In that prayer I experienced God looking at me in great delight as I "heard" how glad he was that I was "finally" here. I had absolutely no sense of worthiness or unworthiness, simply that of being a delight to God and loved in an exhaustive way. The entire focus of that prayer was on God and the kind of experience prayer (time with me in this case) was for him. At another point, I experienced Christ gazing at me with delight and love as we danced. I was aware at the same time that every person was loved in the same way; I have noted this here before but without reflecting specifically on the place of the Divine gaze in raising me to humility. In more usual prayer periods I simply rest in God's presence and sight. I allow him, as best I am able,  access to my heart, including those places of darkness and distortion caused by my own sin, guilt, woundedness, and shame. Ordinarily I think in terms of letting God touch and heal those places, but because of that seminal prayer experience I also use the image of being gazed at by God and being seen for who I truly am. That "seeing", like God's speech is an effective, real-making, creative act. As I entrust myself to God I become more and more the one God knows me truly to be.

What continues to be most important about that prayer experience is the focus on God and what God "experiences", sees, communicates. In all of that there was simply no room for my own feelings of worthiness or unworthiness. These were simply irrelevant to the relationship and intimacy we shared.
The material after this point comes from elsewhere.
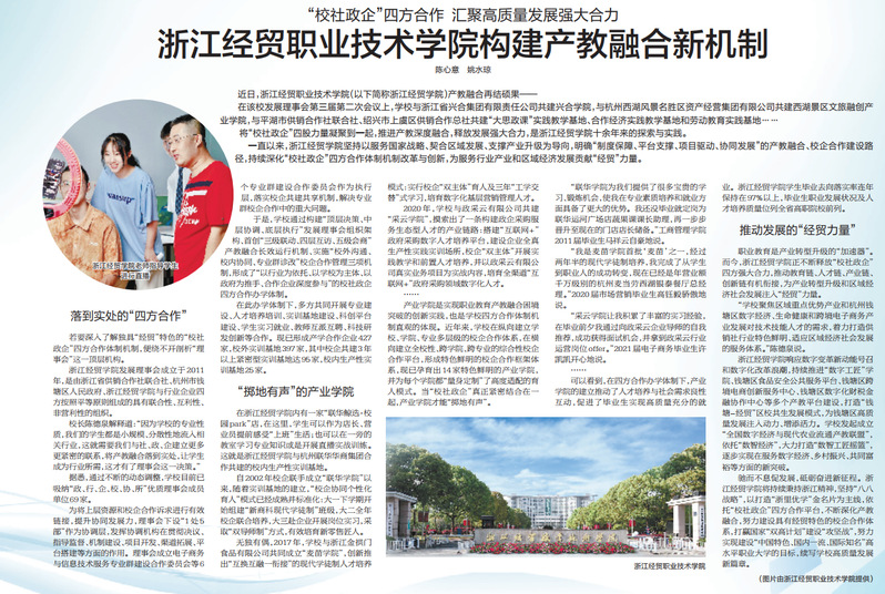 一直以来,浙江经贸学院坚持以服务国家战略、契合区域发展、支撑产业升级为导向,明确“制度保障、平台支撑、项目驱动、协同发展”的产教融合、校企合作建设路径,持续深化“校社政企”四方合作体制机制改革与创新,为服务行业产业和区域经济发展贡献“经贸”力量。

Similarly important was the sense that God loved every person in the very same way. There was no room for elitism or arrogance nor for the shame in which these and so many other things are rooted. I could not think of my own sinfulness or brokenness; I did not come with armfuls of academic achievements, published articles, or professional successes nor was this a concern. I came with myself alone and my entire awareness was filled with a sense of God's love for me and every other person existing; there was simply no room for anything else.
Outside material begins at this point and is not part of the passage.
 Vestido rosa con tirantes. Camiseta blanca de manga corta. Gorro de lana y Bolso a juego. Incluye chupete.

Over time a commitment to contemplative prayer allows God's gaze to conform me to the truth I am most deeply, most really. Especially it is God's loving gaze which heals me of any shame or sense of inadequacy that might hold me in bondage and allows my true self to emerge. Over time I relinquish the vision of reality of the false self and embrace that of the true self. I let go of my tendency to judge "good and evil". Over time God heals my blindness and, in contrast to what happened after the eating of the tree of knowledge of good and evil, my eyes are truly opened! This means not only being raised from humiliation to humility but being converted from self-consciousness to genuine self-awareness. In the remaking of my mind and heart these changes are a portrait of what it means to move from guilt and shame to grace.
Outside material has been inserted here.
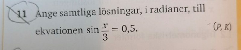 - Markera tydligt den punkt på enhetscirkeln som pekas ut av en radie med den vinkel du får ur första lösningsmängden då n = 0, dvs vinkeln pi/2.

So, again, the sources of my conviction about the calculus of worthiness and unworthiness and the transformative and healing power of God's' gaze comes from several places including: 1) Scripture (OT and NT), Theology (especially Jesus' own teaching and the theologies of the cross of Paul and Mark as well as the paradoxical theology of glorification in shame of John's gospel), 2) the work of sociologists and psychologists on shame as the "master emotion", and 3) contemplative prayer. I suspect that another source is my Franciscanism (especially St Clare's reflections on the mirror of the self God's gaze represents) but this is something I will have to look at further.